§ **Exercise details**
Run through the records and, wherever a line holds the word "types", return that line.

[Data items]
■ ■ ■

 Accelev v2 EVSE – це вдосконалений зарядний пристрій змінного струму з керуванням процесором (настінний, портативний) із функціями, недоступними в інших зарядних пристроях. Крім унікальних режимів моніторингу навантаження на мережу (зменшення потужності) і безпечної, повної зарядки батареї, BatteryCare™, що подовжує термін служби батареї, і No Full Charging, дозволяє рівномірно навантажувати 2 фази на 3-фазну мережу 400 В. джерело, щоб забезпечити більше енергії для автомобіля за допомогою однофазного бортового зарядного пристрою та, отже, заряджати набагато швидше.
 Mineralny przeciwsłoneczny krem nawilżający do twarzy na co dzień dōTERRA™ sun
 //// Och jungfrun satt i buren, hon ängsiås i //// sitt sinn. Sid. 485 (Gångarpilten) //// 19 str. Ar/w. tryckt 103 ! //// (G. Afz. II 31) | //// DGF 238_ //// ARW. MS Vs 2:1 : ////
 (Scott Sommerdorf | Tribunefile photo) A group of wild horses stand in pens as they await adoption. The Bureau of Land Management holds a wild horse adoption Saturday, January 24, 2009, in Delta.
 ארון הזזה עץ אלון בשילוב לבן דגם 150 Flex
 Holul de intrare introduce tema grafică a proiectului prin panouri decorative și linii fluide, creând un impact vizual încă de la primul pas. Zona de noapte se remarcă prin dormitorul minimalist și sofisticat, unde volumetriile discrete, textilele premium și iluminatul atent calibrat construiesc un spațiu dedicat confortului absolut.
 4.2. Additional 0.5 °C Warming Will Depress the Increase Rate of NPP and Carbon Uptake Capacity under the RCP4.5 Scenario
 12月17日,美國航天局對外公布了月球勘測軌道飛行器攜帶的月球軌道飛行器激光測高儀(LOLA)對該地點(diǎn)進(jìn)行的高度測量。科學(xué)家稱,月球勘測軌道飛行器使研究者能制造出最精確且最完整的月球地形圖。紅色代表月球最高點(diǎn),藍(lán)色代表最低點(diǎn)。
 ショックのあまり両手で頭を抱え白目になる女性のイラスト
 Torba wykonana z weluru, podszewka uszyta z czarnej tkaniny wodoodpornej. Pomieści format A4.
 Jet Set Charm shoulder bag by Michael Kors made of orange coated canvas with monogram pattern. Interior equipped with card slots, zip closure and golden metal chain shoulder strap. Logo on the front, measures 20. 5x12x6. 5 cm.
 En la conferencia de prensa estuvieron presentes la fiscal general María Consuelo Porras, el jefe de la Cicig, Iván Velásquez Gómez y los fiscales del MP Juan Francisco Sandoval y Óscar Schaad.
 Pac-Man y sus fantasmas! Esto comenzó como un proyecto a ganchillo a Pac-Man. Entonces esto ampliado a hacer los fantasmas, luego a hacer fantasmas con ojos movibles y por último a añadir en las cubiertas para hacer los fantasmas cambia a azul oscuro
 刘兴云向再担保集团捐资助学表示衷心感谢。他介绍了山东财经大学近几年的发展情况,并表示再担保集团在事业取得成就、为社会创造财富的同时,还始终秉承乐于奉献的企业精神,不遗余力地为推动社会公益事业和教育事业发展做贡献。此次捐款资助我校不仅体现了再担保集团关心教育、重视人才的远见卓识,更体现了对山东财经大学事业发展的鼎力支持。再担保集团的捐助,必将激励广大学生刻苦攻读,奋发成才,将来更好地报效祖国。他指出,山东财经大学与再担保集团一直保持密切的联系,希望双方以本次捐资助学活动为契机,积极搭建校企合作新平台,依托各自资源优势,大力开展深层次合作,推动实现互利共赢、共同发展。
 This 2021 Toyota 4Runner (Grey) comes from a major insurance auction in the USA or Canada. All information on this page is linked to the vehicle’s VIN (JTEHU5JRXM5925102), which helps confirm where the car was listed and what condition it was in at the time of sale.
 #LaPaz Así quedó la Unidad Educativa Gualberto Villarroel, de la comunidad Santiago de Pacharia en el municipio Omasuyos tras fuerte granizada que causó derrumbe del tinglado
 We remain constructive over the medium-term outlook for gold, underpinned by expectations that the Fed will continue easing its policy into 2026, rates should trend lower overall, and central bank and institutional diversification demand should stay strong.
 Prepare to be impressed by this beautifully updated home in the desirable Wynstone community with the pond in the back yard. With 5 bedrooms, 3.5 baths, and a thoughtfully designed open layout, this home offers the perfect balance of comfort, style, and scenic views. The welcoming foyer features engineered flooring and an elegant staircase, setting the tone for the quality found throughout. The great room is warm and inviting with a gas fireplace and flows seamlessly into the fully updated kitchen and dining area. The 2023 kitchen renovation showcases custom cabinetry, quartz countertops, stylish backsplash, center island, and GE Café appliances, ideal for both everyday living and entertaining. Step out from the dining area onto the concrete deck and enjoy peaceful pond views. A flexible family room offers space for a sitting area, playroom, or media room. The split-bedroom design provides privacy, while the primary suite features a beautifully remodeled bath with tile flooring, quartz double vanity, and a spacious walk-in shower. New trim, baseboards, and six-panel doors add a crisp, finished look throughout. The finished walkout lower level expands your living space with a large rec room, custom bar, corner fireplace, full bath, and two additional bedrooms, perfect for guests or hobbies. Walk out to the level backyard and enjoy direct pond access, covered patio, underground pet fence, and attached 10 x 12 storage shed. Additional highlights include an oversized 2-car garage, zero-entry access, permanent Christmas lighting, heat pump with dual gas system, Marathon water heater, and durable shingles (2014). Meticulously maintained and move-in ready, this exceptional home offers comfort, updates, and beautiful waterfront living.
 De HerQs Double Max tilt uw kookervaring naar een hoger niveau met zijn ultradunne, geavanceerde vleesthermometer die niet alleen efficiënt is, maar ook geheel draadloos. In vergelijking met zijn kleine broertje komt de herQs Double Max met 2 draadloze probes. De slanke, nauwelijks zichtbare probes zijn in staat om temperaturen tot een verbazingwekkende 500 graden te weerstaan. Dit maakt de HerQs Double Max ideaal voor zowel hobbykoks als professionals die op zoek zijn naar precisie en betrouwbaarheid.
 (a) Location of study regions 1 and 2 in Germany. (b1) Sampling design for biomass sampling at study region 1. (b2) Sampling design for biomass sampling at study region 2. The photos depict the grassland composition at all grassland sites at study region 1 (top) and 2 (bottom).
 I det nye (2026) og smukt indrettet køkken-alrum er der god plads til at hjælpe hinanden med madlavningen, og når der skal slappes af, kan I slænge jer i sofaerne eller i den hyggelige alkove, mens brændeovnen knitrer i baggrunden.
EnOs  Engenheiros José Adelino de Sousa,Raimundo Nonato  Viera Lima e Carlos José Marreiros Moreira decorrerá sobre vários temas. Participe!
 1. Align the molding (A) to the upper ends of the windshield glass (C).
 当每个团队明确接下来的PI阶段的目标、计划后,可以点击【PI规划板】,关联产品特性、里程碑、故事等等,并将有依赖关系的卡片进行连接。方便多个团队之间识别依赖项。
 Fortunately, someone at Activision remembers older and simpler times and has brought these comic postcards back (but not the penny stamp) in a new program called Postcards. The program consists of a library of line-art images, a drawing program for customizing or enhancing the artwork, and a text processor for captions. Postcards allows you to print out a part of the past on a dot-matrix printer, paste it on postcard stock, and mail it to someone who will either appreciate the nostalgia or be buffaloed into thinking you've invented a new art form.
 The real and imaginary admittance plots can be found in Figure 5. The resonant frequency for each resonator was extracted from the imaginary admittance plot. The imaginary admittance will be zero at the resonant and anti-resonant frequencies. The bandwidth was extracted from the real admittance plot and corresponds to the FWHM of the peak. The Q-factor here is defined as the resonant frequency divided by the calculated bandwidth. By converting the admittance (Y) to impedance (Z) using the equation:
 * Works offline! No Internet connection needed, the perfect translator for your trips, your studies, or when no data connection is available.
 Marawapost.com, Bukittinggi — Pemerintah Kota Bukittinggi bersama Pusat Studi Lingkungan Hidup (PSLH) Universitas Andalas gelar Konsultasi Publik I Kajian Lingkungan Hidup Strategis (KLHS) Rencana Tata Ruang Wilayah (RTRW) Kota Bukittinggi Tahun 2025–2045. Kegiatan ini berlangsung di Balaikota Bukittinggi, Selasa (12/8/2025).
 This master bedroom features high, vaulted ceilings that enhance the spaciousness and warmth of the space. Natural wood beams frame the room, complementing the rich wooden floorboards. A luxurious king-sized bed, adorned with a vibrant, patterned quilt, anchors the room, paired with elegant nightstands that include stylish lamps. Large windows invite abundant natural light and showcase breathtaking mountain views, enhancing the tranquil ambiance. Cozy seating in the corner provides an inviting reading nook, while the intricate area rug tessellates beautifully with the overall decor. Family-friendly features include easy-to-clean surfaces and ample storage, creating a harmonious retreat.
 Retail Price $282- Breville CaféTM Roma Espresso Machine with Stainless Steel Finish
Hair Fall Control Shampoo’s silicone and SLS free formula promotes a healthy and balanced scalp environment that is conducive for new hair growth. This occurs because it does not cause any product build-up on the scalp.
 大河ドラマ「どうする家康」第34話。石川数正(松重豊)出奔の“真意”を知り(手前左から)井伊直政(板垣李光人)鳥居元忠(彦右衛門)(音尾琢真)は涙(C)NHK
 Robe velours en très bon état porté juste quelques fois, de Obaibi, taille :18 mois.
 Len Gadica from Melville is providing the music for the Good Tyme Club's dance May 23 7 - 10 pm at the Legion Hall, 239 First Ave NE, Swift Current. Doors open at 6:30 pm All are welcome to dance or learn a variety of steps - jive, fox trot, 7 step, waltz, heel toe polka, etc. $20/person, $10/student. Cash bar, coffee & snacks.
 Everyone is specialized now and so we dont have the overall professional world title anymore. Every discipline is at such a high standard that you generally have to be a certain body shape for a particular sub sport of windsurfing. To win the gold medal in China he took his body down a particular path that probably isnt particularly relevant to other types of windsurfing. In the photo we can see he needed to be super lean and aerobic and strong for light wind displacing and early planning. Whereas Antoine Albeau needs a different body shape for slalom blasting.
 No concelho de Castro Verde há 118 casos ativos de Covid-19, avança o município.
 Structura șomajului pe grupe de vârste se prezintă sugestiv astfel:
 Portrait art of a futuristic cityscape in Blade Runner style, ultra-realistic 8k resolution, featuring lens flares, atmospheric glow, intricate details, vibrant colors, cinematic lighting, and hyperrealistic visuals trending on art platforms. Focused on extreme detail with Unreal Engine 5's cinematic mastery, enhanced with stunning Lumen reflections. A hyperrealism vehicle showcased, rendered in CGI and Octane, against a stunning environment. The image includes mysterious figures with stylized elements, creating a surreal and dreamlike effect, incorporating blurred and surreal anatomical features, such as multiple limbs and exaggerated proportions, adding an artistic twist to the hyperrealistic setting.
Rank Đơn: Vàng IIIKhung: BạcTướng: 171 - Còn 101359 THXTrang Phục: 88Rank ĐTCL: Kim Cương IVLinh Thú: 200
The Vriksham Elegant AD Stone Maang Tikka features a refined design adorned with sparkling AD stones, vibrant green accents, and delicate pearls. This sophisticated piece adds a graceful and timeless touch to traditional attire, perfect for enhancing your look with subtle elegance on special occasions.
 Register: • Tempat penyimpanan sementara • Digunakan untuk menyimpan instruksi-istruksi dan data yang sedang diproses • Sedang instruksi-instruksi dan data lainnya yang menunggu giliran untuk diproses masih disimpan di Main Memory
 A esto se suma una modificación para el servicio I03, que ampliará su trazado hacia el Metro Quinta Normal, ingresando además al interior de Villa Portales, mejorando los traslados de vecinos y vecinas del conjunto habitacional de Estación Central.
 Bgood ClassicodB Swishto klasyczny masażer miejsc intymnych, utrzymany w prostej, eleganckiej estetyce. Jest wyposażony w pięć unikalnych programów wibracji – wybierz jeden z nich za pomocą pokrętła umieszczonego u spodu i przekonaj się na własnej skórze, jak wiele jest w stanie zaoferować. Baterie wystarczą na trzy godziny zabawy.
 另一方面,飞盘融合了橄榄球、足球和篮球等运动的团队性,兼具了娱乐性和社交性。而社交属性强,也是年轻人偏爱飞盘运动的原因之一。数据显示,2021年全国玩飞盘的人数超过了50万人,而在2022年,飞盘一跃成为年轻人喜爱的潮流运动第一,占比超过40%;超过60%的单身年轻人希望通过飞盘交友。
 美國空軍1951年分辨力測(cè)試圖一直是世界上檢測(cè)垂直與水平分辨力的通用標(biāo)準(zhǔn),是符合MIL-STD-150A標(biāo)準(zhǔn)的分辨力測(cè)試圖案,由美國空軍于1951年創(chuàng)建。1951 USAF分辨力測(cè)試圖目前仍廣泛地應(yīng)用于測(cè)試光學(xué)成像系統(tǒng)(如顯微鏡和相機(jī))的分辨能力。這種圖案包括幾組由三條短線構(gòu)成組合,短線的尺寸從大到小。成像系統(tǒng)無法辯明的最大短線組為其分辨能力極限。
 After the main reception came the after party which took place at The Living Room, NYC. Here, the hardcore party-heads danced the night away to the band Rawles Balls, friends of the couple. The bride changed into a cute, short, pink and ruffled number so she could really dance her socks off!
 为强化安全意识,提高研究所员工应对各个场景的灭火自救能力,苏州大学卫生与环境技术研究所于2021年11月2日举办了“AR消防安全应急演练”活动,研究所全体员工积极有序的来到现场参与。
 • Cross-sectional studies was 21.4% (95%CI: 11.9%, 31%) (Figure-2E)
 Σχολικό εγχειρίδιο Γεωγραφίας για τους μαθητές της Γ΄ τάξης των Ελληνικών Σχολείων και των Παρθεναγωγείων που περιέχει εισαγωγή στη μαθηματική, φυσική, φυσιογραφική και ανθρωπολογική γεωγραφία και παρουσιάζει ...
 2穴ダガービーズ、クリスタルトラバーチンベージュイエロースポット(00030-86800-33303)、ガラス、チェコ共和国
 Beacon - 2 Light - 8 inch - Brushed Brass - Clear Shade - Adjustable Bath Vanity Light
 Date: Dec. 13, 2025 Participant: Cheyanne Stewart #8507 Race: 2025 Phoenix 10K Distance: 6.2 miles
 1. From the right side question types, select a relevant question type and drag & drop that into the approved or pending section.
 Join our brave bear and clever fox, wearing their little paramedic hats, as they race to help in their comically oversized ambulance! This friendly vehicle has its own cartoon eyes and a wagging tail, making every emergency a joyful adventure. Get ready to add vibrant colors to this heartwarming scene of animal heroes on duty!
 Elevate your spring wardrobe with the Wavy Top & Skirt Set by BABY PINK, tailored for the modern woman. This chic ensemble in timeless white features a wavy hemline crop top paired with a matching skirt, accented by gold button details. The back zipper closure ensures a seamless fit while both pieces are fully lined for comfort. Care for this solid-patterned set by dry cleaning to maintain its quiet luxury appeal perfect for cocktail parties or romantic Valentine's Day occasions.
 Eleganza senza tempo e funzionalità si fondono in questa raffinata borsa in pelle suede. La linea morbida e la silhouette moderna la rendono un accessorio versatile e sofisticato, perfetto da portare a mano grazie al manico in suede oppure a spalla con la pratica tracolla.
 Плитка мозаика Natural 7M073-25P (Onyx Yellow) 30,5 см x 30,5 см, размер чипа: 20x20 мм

■ ■ ■

§ **Result for this exercise**
 Everyone is specialized now and so we dont have the overall professional world title anymore. Every discipline is at such a high standard that you generally have to be a certain body shape for a particular sub sport of windsurfing. To win the gold medal in China he took his body down a particular path that probably isnt particularly relevant to other types of windsurfing. In the photo we can see he needed to be super lean and aerobic and strong for light wind displacing and early planning. Whereas Antoine Albeau needs a different body shape for slalom blasting.
 1. From the right side question types, select a relevant question type and drag & drop that into the approved or pending section.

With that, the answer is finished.